#### What the task requires:
Nothing but the lines from the one containing "女児帽子付き水着キッズ スイミングウェアプール ワンピース水着" through the last line of the records belongs in the answer, copied exactly and with the pictures left out.

=== Supplied information ===

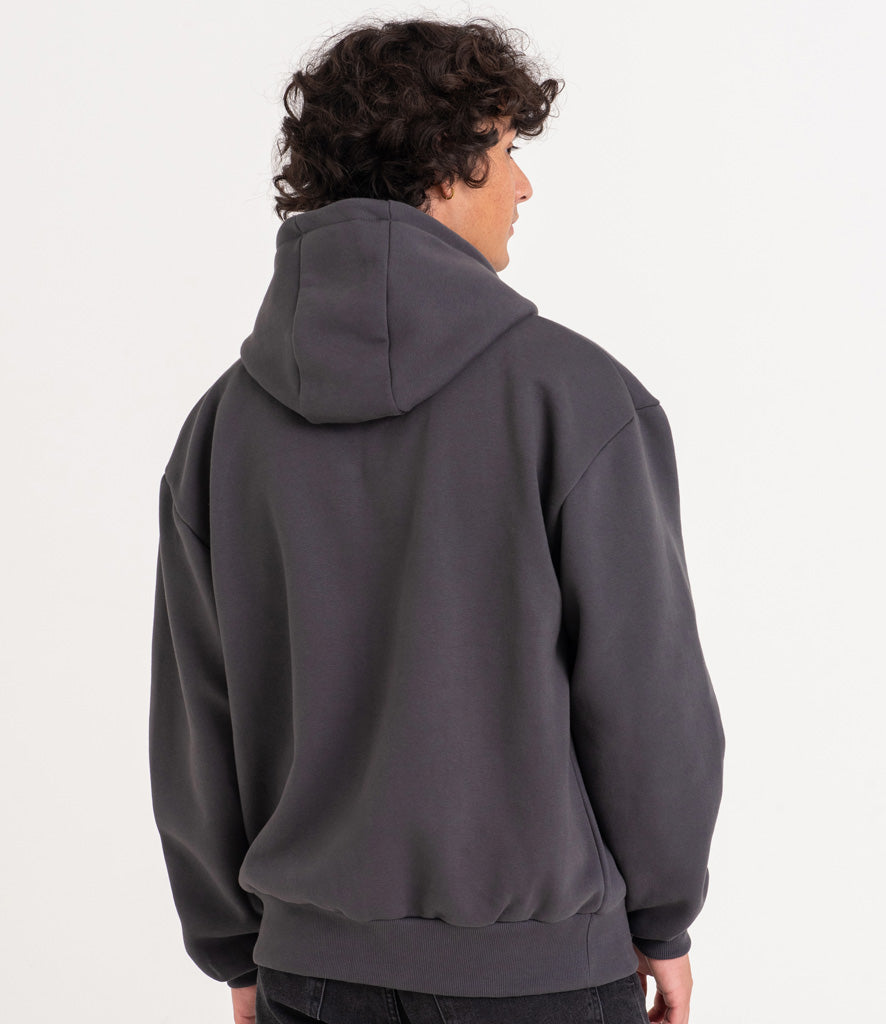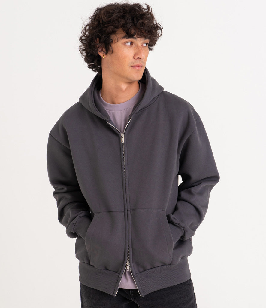 Features Cotton faced fabric. Brushed back fleece. Drop shoulder style. Oversized fit. Three panel double fabric hood. Full length two way zip. Front pouch pockets. Ribbed cuffs and hem. Twin needle stitching. Tear out label.
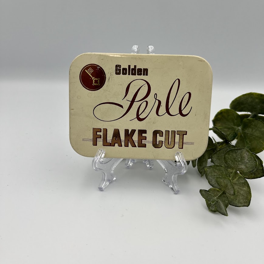 Vintage cigaret-/tobaksæske med teksten “Golden Perle Flake Cut” i klassisk og dekorativ typografi.
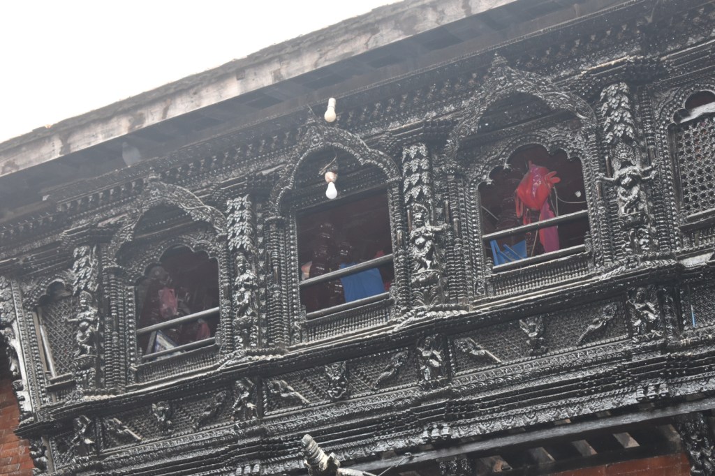 Outside the palace Biren showed where he was standing when the earthquake of 2015 hit, in which 8-10,000 people died. Biren had a tour group,with him, two American women. They were standing next to the palace and saw part of it and a temple next to it crash down. In the picture, all of the darker building collapsedas did the right portion of the palace next to it. With all the mayhem, dust, screaming, etc. the two in the group made him continue the tour because they “had payed for it”.
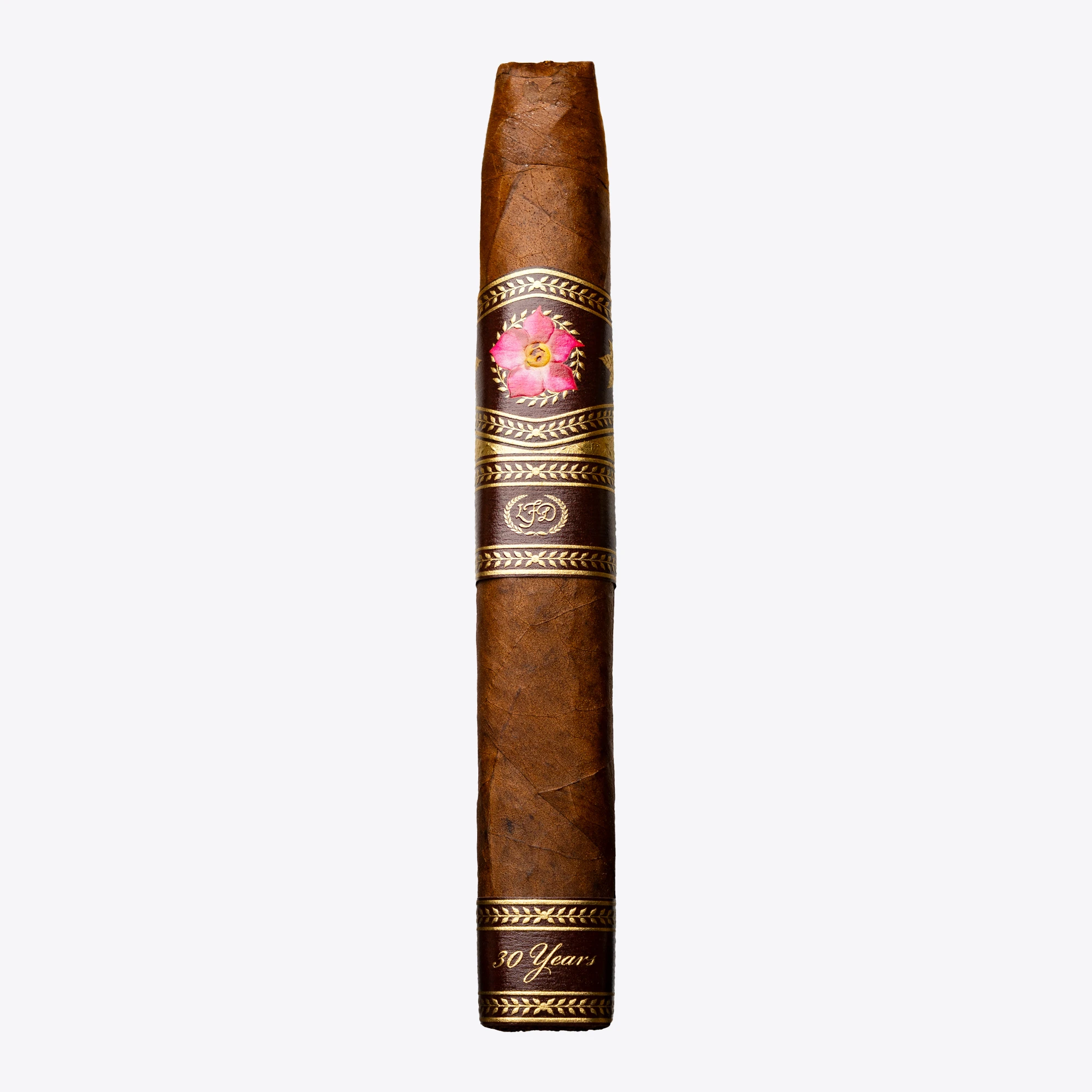 La Flor Dominicana 30th Anniversary was released to mark the company’s 30-year milestone and uses an Ecuadorian Sumatra wrapper over an aged binder from Cotuí and fillers from LFD’s La Canela farm in the Dominican Republic. It comes in a 6 1/2 x 58 box-pressed Chisel format, which gives it the line’s familiar wedge-shaped head and a more concentrated opening.
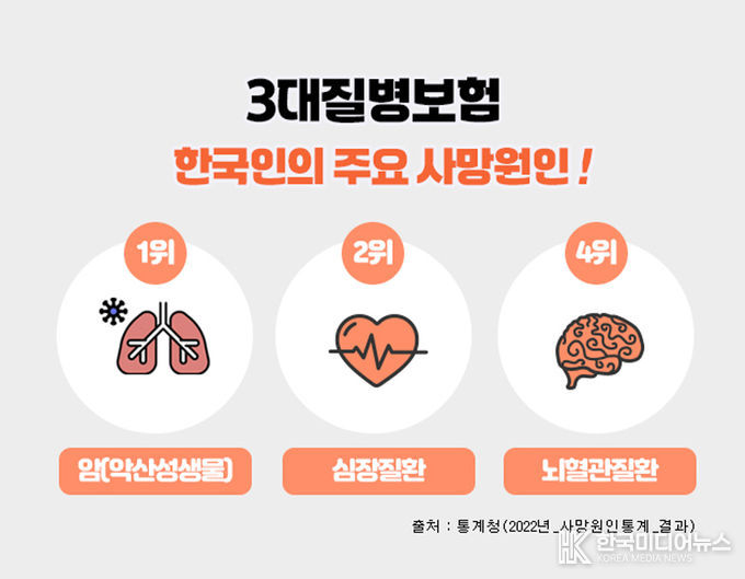 [ 한국미디어뉴스 이원영 기자 ] 3대질병으로 일컬어지는 암, 뇌혈관질환, 심혈관질환은 한국인의 주요 사망원인에서 상위를 차지하고 있으며, 이에 대한 진단비를 집중적으로 보장해 주는 보험상품을 3대질병진단비 보험이라 할 수 있다.
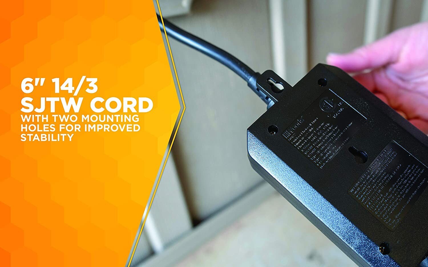 - EASY SET UP: 6in 14/3 SJTW Cord with Two Mounting Holes for Improved Stability
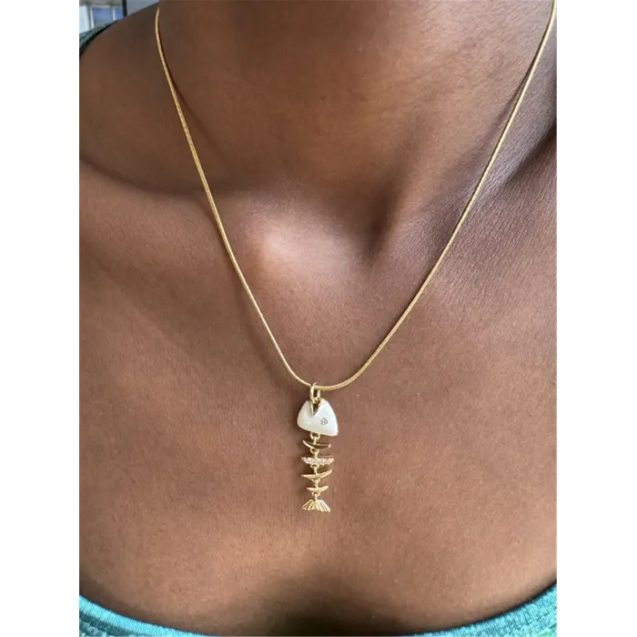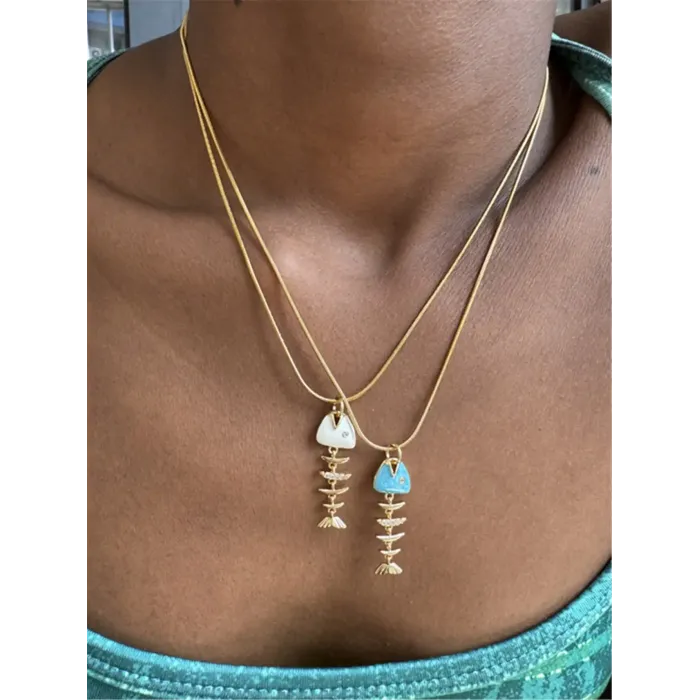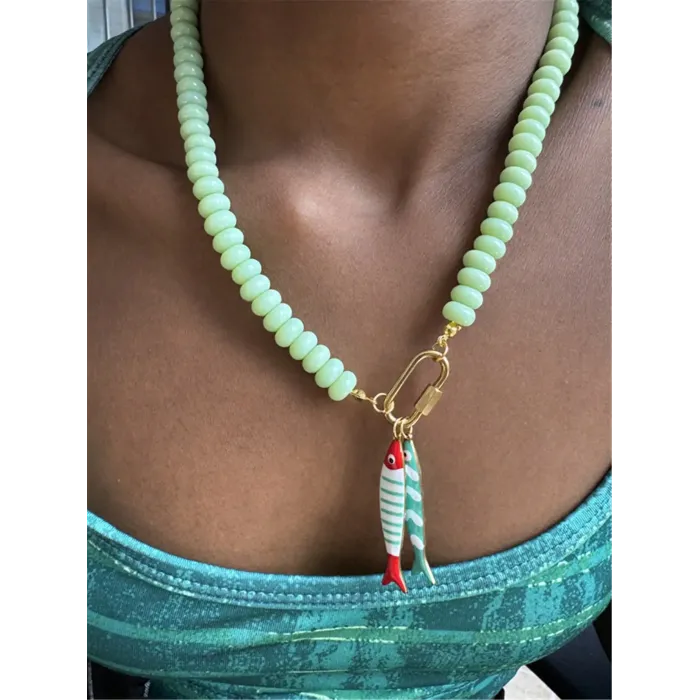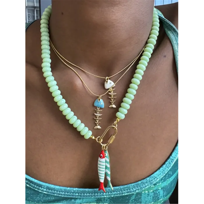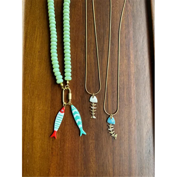 Mint Beaded Layered Necklace with Enamel Fish & Bone Charms, Gold-Tone Multi-Pendant Design
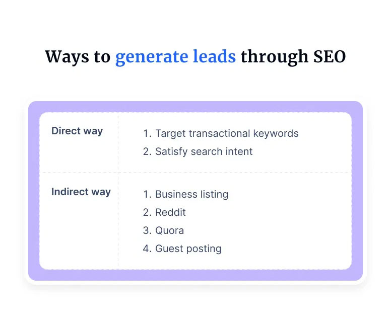 Indirect way: It helps generate SEO leads through various platforms by synergizing with the different marketing channels.
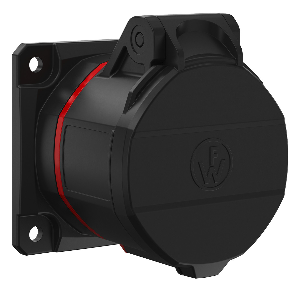 WALTHER CEE NEO Anbaudose gerade mit Schraubtechnik 16A 5P 6h IP54 200/346V - 240/415V ~ mit Farbringcodierung "rot" Gehäuse aus PA6-Material mit hoch wärmebeständigem Kontaktträger aus PA66-Material handrückensicher nach BGV A3 Flanschmaß 75x75mm Befestigungsmaß 60x60mm
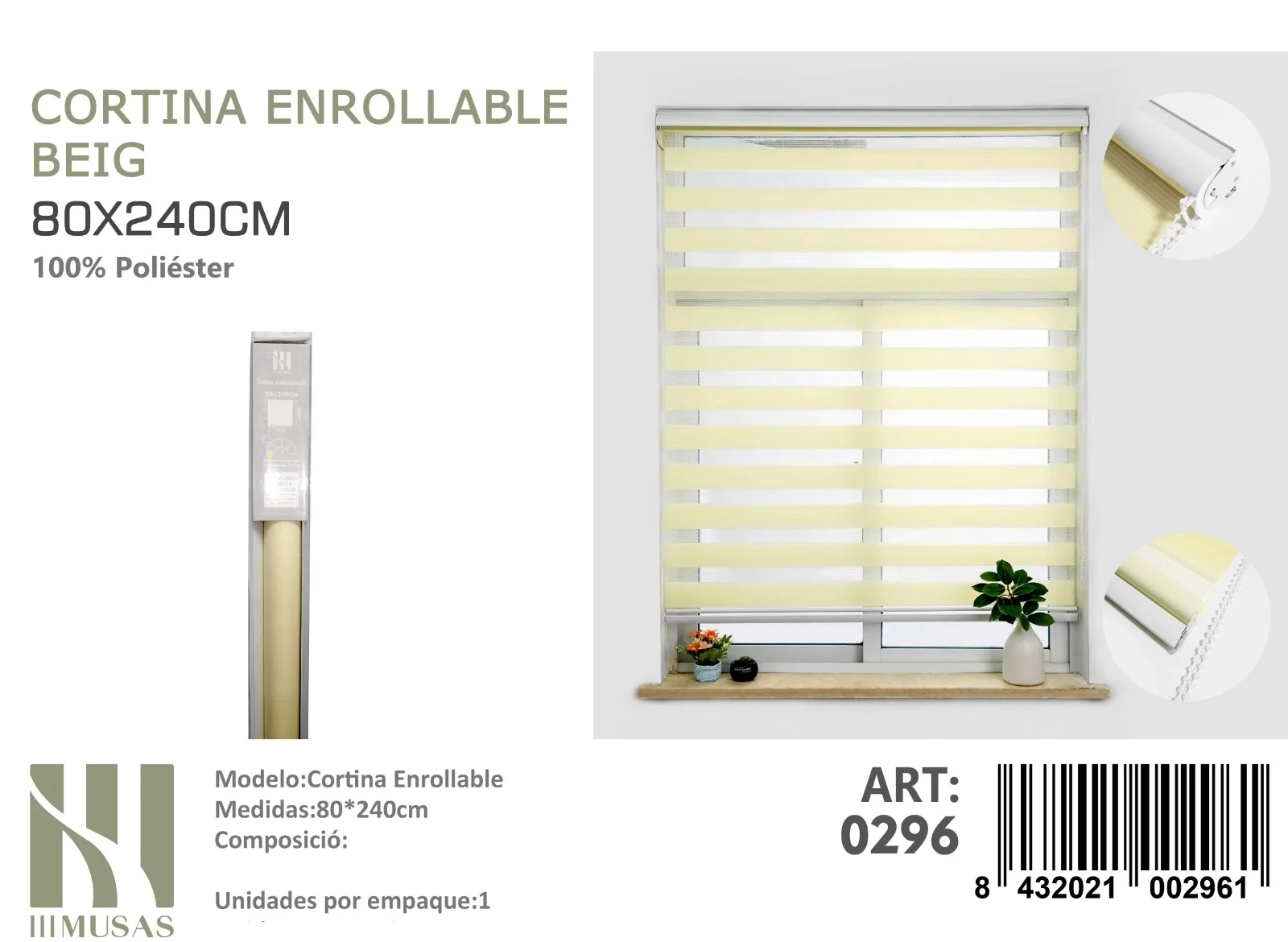 Cortina Roller Duo Lisa 80cm x 240cm Color Beige 0296
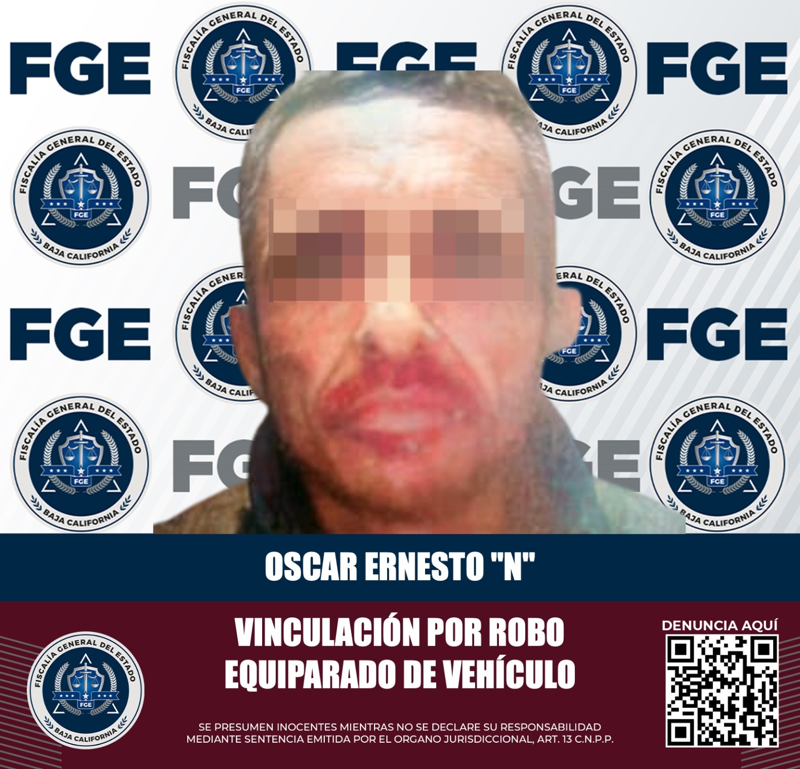 TIJUANA, B.C. Por el delito de robo equiparado de vehículo de motor, en su modalidad de uso de vehículo de motor robado, la Fiscalía Regional de Tijuana, obtuvo la vinculación a proceso de un hombre, a quien se le impuso como medida cautelar prisión preventiva justificada.
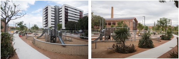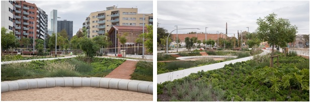 Alhora, es compta amb un Sistema urbà de drenatge sostenible (SUDS) que permet aprofitar les aigües pluvials recollides dins el mateix àmbit per al rec amb aigua freàtica dels arbres i arbustos.
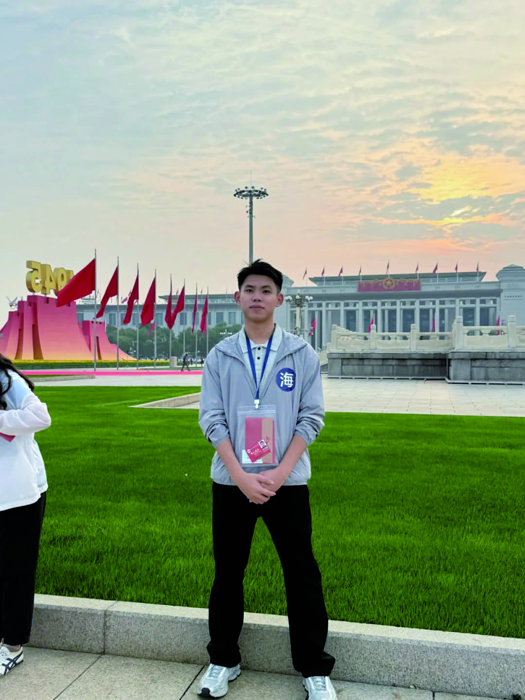 谢景川说:“作为海洋信息工程学院2025届毕业生,我有幸来到北京工作,并受邀到现场观礼。得知这个消息时,我激动得整夜难眠。到达现场后,所有人都沉浸在庄严而热烈的氛围中。当一个个军种方阵整齐划一地正步走过,我深深感受到人民军队的纪律性与战斗力。随后,战旗方队缓缓而来,军乐团奏响雄壮的礼乐,无数承载着先辈精神的战旗引领着各式先进装备,浩浩荡荡地驶过眼前——那一刻,我真正明白了什么叫‘钢铁洪流’”。作为新时代的青年,我们应当铭记历史、珍视和平,传承先辈的精神,为祖国的繁荣昌盛贡献自己的力量。”
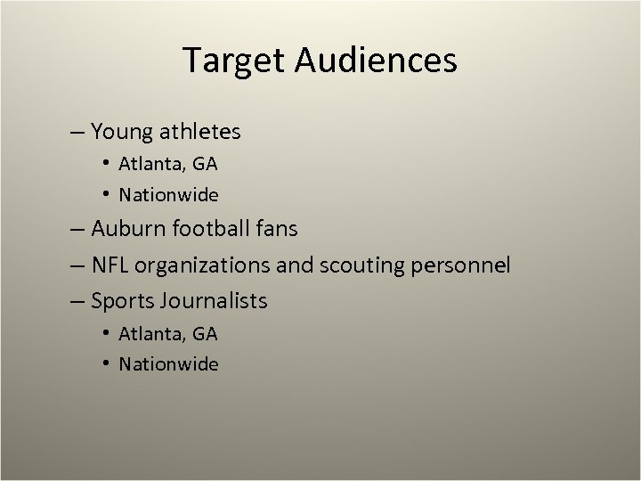 Target Audiences – Young athletes • Atlanta, GA • Nationwide – Auburn football fans – NFL organizations and scouting personnel – Sports Journalists • Atlanta, GA • Nationwide
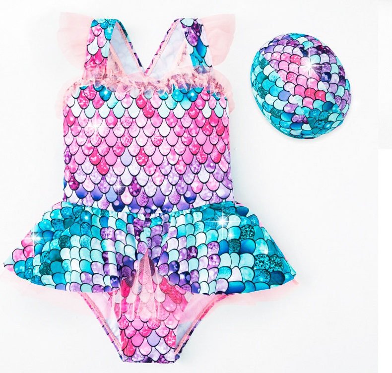 女児帽子付き水着キッズ スイミングウェアプール ワンピース水着 リトルマーメイド人魚姫キッズ ベビー キッズファッション 水着 マタニティ
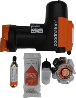 De Goodnature A24 rattenval en muizenval doodt automatisch 24 ratten of muizen -de een na de ander, zonder dat u het CO2 patroon tussentijds moet vervangen. Het maakt gebruik van niet-giftige lokstof en doodt ongedierte op een humane manier.
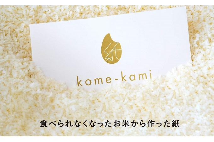 「kome-kami」(コメカミ)は、株式会社ペーパルが2021年2月に開発した、廃棄されるお米を活用してつくった紙素材です。有償廃棄される災害用備蓄食品のお米や、食べられないお米をパルプに配合しています。原料にただお米を混ぜるのではなく、お米の力を引き出し機能性を持たせることで、化学薬品の代替原料として活用し、環境負荷低減とCO2削減を実現しています。さらに、アップサイクルで生まれた価値をフードバンクに還元し、必要とされる方に食品を届ける活動を応援しています。「CO2とフードロスを削減し、困りごとを抱える方をサポート」する新たな循環を広げる。それが「kome-kami」です。

===

#### Reply to the exercise:
 女児帽子付き水着キッズ スイミングウェアプール ワンピース水着 リトルマーメイド人魚姫キッズ ベビー キッズファッション 水着 マタニティ
 De Goodnature A24 rattenval en muizenval doodt automatisch 24 ratten of muizen -de een na de ander, zonder dat u het CO2 patroon tussentijds moet vervangen. Het maakt gebruik van niet-giftige lokstof en doodt ongedierte op een humane manier.
 「kome-kami」(コメカミ)は、株式会社ペーパルが2021年2月に開発した、廃棄されるお米を活用してつくった紙素材です。有償廃棄される災害用備蓄食品のお米や、食べられないお米をパルプに配合しています。原料にただお米を混ぜるのではなく、お米の力を引き出し機能性を持たせることで、化学薬品の代替原料として活用し、環境負荷低減とCO2削減を実現しています。さらに、アップサイクルで生まれた価値をフードバンクに還元し、必要とされる方に食品を届ける活動を応援しています。「CO2とフードロスを削減し、困りごとを抱える方をサポート」する新たな循環を広げる。それが「kome-kami」です。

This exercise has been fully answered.